::: Available records
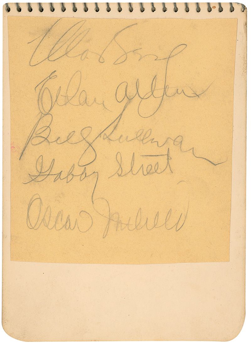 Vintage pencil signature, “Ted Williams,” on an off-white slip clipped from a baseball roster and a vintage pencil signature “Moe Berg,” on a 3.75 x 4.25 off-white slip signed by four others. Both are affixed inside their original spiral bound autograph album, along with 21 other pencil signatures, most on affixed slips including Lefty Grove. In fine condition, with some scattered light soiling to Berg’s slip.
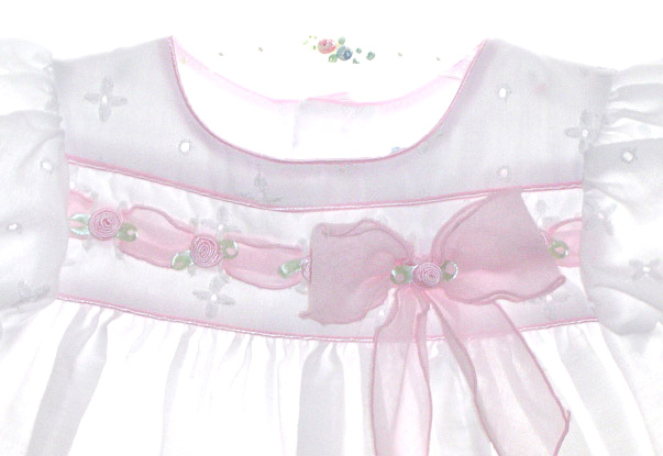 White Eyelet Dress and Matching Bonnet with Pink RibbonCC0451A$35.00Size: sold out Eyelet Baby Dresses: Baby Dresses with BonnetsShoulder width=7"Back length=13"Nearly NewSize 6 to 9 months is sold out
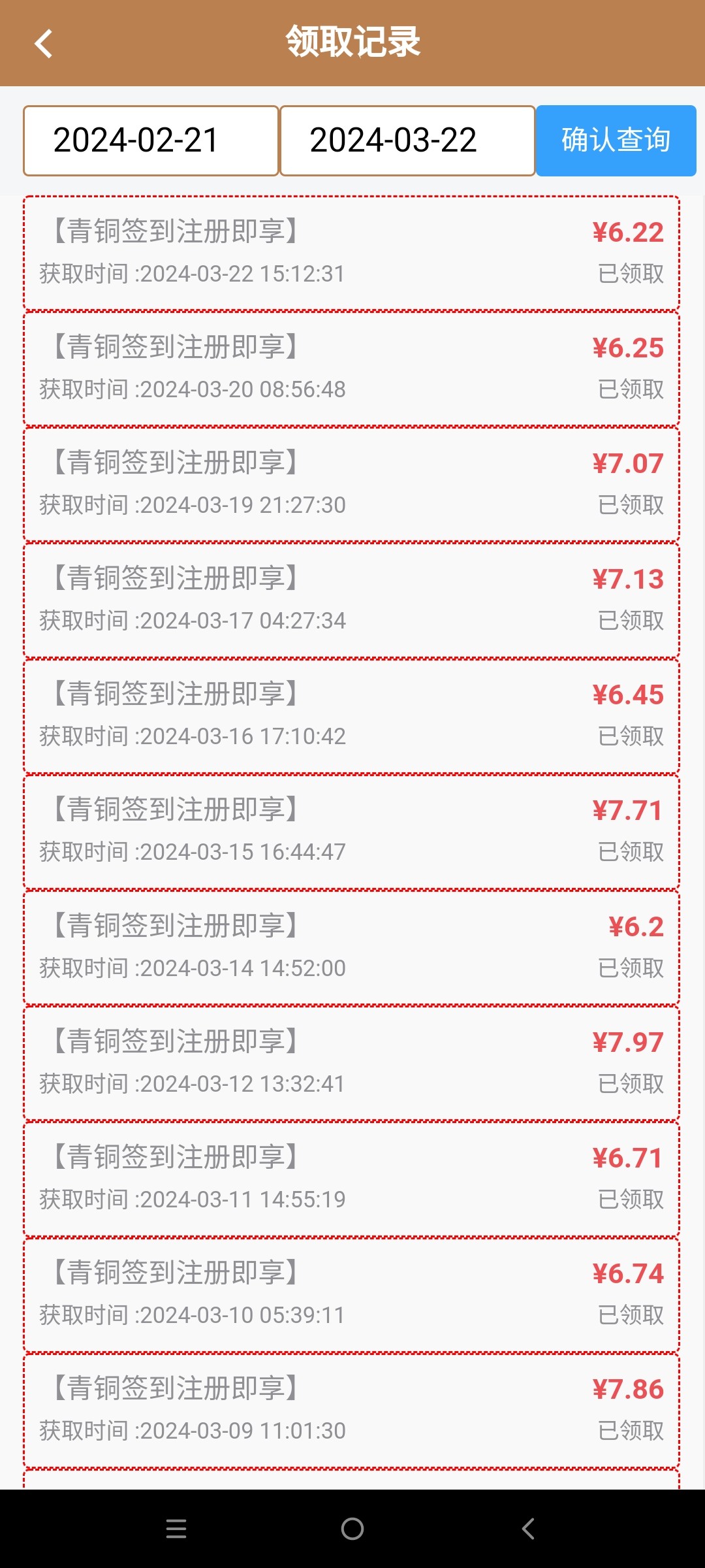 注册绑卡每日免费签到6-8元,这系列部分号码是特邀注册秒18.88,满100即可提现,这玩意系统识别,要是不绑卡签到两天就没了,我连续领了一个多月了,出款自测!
::::::
::: Available records
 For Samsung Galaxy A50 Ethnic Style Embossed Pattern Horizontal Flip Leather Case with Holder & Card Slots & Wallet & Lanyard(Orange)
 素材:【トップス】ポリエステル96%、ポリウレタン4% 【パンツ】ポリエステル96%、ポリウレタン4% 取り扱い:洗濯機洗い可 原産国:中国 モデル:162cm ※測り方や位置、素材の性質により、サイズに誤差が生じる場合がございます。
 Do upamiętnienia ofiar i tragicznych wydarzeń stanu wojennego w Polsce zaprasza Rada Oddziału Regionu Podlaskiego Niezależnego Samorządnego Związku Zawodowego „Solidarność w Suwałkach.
::::::
# What to produce
Reproduce word for word the material above, starting with the line that has "素材:【トップス】ポリエステル96%、ポリウレタン4% 【パンツ】ポリエステル96%、ポリウレタン4% 取り扱い:洗濯機洗い可" and stopping after the line that has "Do upamiętnienia ofiar".

# Answer box
 素材:【トップス】ポリエステル96%、ポリウレタン4% 【パンツ】ポリエステル96%、ポリウレタン4% 取り扱い:洗濯機洗い可 原産国:中国 モデル:162cm ※測り方や位置、素材の性質により、サイズに誤差が生じる場合がございます。
 Do upamiętnienia ofiar i tragicznych wydarzeń stanu wojennego w Polsce zaprasza Rada Oddziału Regionu Podlaskiego Niezależnego Samorządnego Związku Zawodowego „Solidarność w Suwałkach.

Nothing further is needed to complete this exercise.